A ce contexte répressif s'ajoute le fait que les institutions chargées de garantir le respect des droits des citoyens manquent d'indépendance ou de moyens. En particulier, la Commission nationale des droits de l'Homme et des libertés (CNDHL) ne dispose ni des pouvoirs ni de l'indépendance nécessaires pour protéger les citoyens camerounais et, en particulier, les citoyens les plus vulnérables, dont les personnes LGBTI. Par ailleurs, le système de l'assistance juridictionnelle est inopérant, ce dont il résulte que les citoyens les plus vulnérables n'ont, de fait, accès ni à la justice ni à un procès équitable. Cette situation est d'autant plus grave pour les personnes suspectées d'homosexualité que seulement trois à quatre avocats acceptent de les représenter devant les autorités policières et judiciaires, augmentant ainsi la stigmatisation dont sont victimes ces avocats.
« Dans ce contexte, les défenseurs des personnes LGBTI travaillent dans un climat d'inquiétude et de précarité lié au manque de soutien institutionnel durable en faveur des organisations identitaires.
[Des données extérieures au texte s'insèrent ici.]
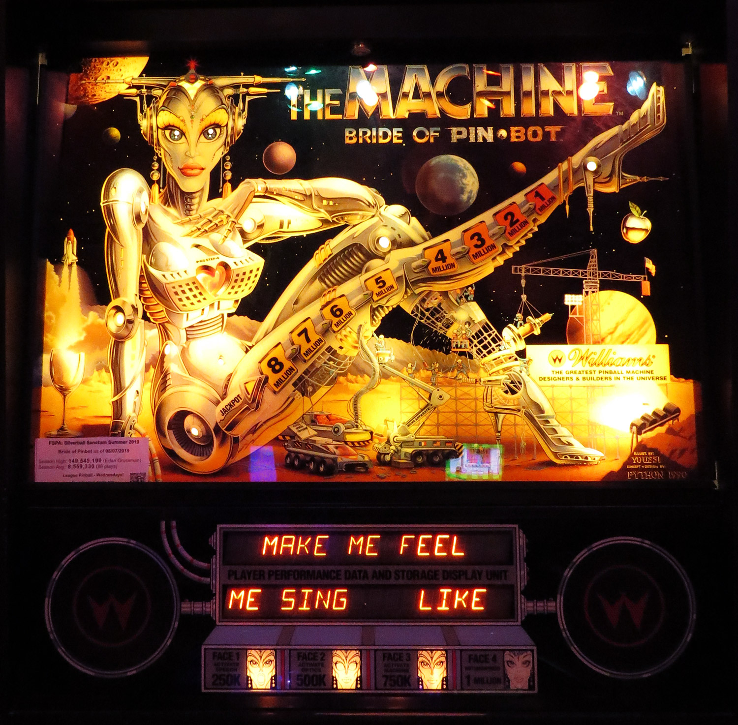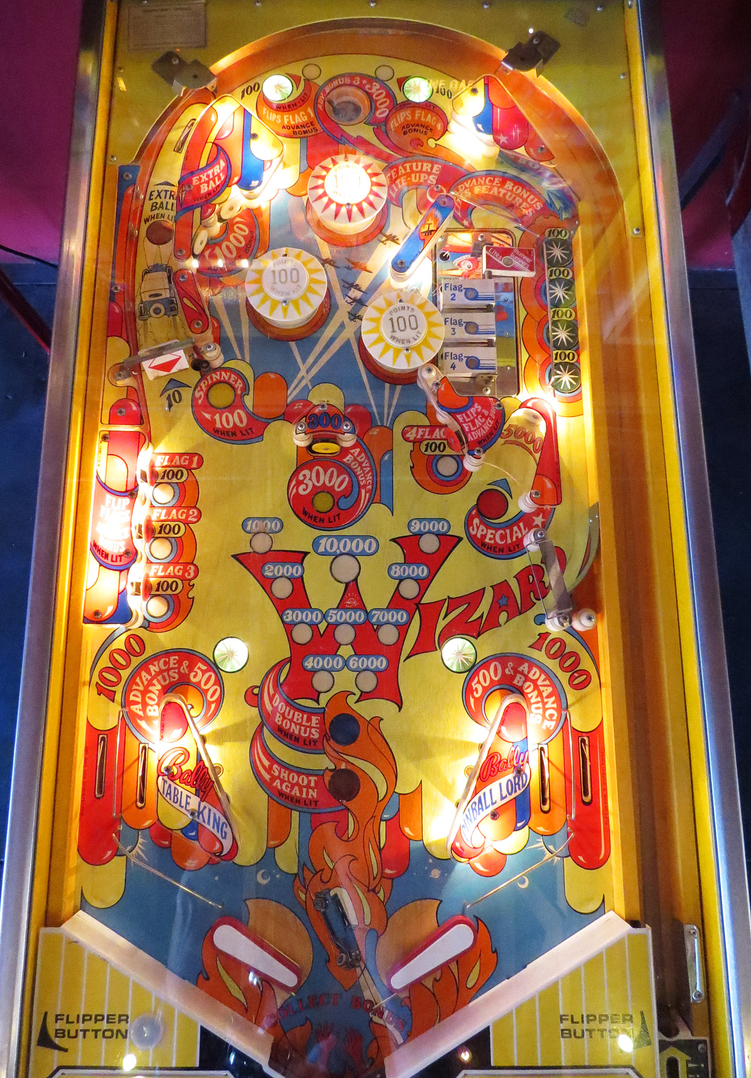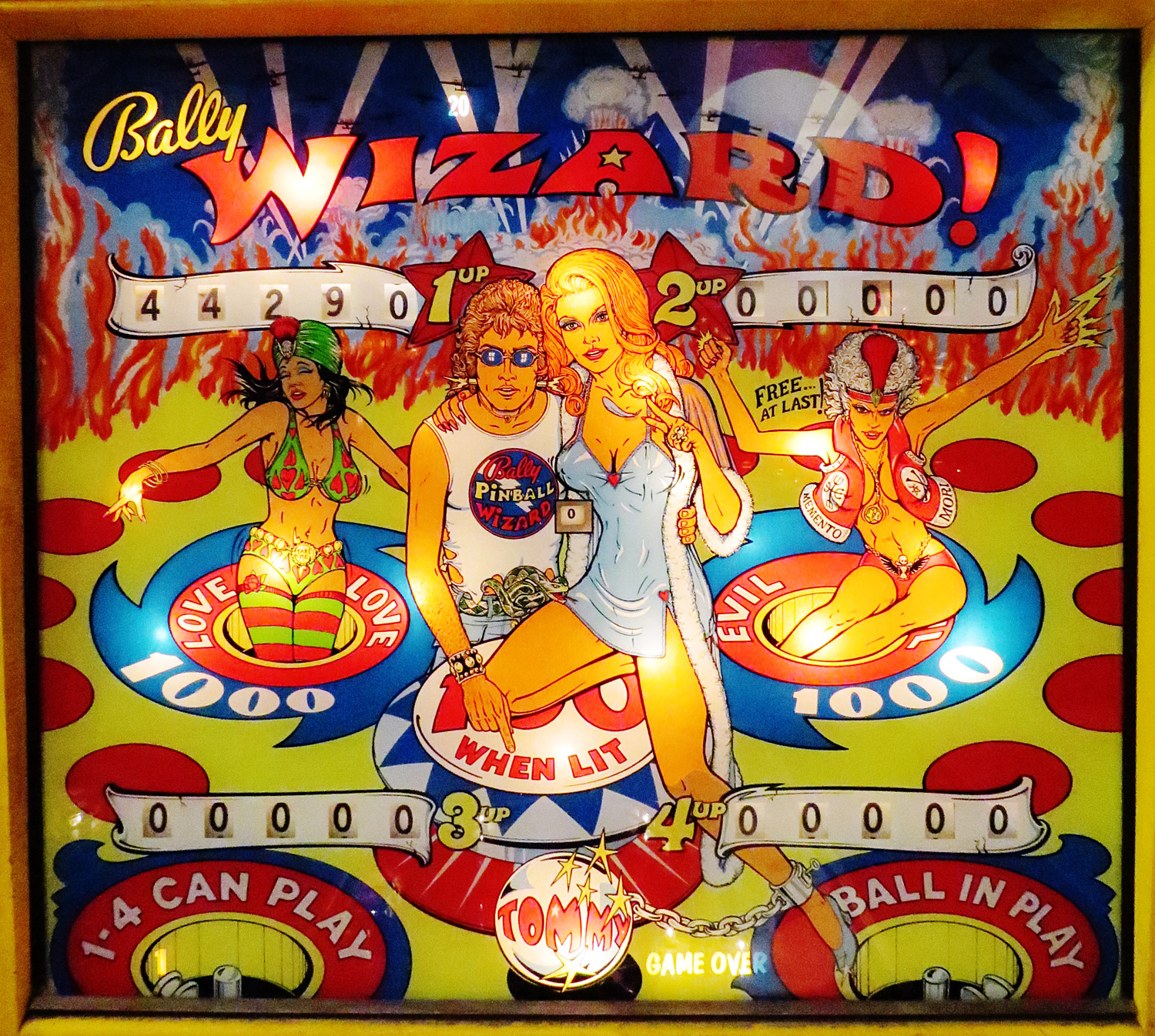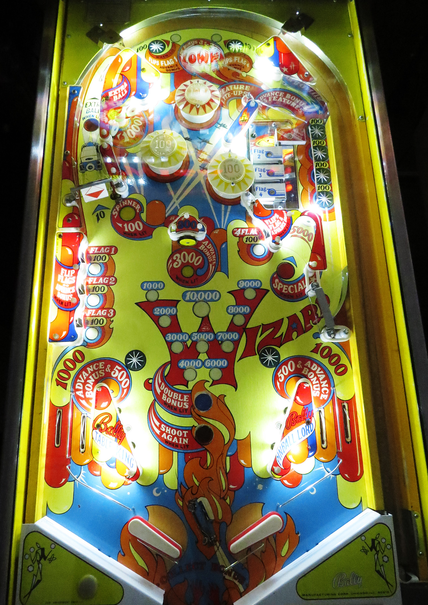 |  | "Ain't got no distractions Can't hear no buzzers and bells, Don't see no lights a flashin' Plays by sense of smell. Always gets a replay, 'n' never tilts at all ..." Wizard (Bally, 1975) |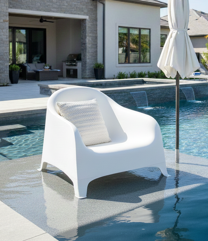 Smooth fiberglass surface allows for quick cleaning and minimal upkeep, making it ideal for poolside and patio environments.

Cette précarité conduit les organisations à se « cacher » derrière les activités de lutte contre le VIH en faveur des populations les plus exposées ciblées par le Plan Stratégique National de lutte contre le VIH/SIDA », déplorent les membres de la mission.
L'Observatoire publiera dans les mois à venir un rapport de mission complet sur la situation des défenseurs des droits des personnes LGBTI au Cameroun qui adressera également des recommandations spécifiques aux autorités nationales, aux acteurs non-étatiques, aux organisations internationales, aux chancelleries et aux mécanismes de protection des droits de l'Homme nationaux, régionaux et internationaux.